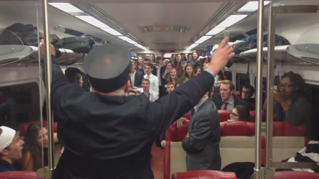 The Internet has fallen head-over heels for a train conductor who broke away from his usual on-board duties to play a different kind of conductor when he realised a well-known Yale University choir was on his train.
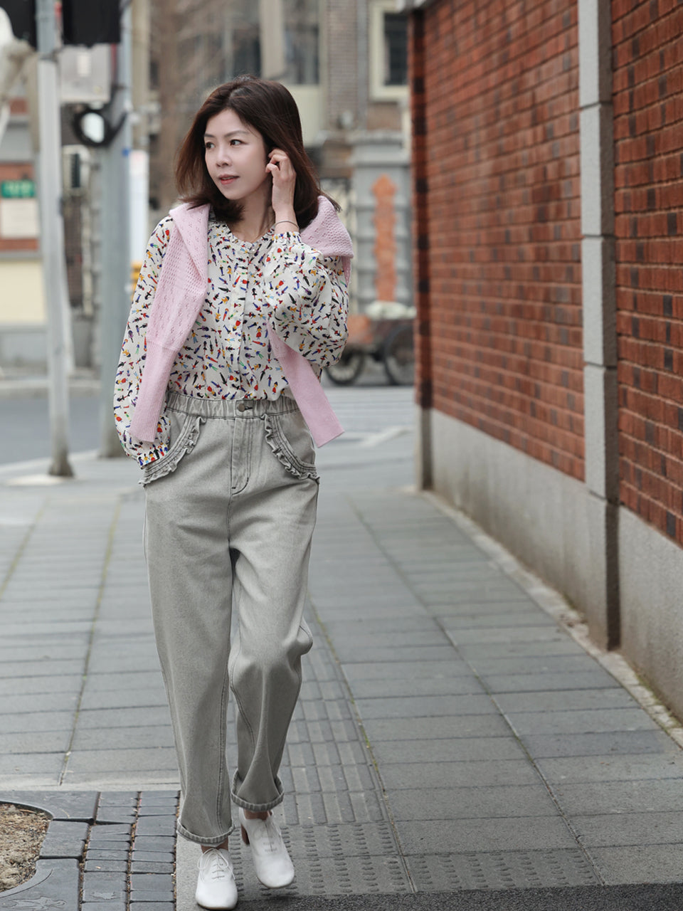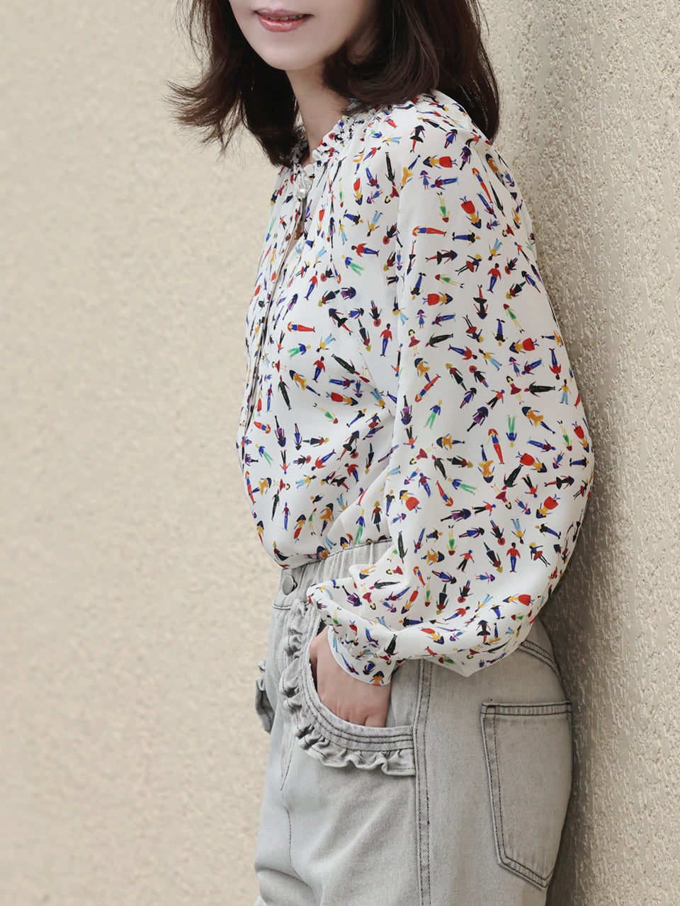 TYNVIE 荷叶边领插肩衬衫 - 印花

--------------------------------------------------

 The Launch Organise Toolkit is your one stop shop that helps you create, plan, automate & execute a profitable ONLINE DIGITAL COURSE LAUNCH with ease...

--------------------------------------------------

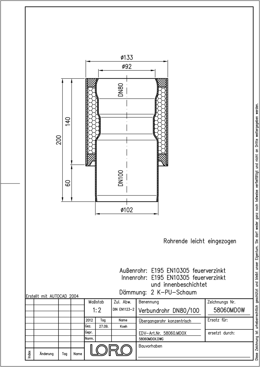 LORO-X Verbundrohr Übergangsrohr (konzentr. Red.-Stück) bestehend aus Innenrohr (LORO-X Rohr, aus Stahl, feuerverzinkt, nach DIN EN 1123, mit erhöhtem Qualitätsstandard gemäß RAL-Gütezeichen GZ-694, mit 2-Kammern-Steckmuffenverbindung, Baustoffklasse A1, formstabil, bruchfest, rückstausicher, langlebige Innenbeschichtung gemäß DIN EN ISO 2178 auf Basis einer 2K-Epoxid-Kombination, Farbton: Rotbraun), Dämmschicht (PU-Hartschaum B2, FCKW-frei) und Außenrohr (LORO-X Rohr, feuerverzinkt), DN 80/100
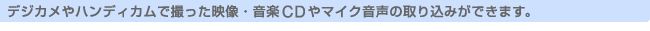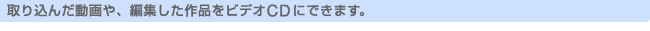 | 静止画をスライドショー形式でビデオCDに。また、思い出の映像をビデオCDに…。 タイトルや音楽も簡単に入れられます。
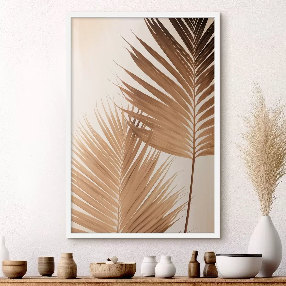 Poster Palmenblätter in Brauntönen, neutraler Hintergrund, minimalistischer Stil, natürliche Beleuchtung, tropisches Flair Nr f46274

--------------------------------------------------

__Directions__. When you reach the line containing "The Internet has" in the entries above, begin restating word for word, and stop once the line containing "TYNVIE 荷叶边领插肩衬衫 - 印花" has been given. Omit the pictures.

__Finished exercise__.
 The Internet has fallen head-over heels for a train conductor who broke away from his usual on-board duties to play a different kind of conductor when he realised a well-known Yale University choir was on his train.
 TYNVIE 荷叶边领插肩衬衫 - 印花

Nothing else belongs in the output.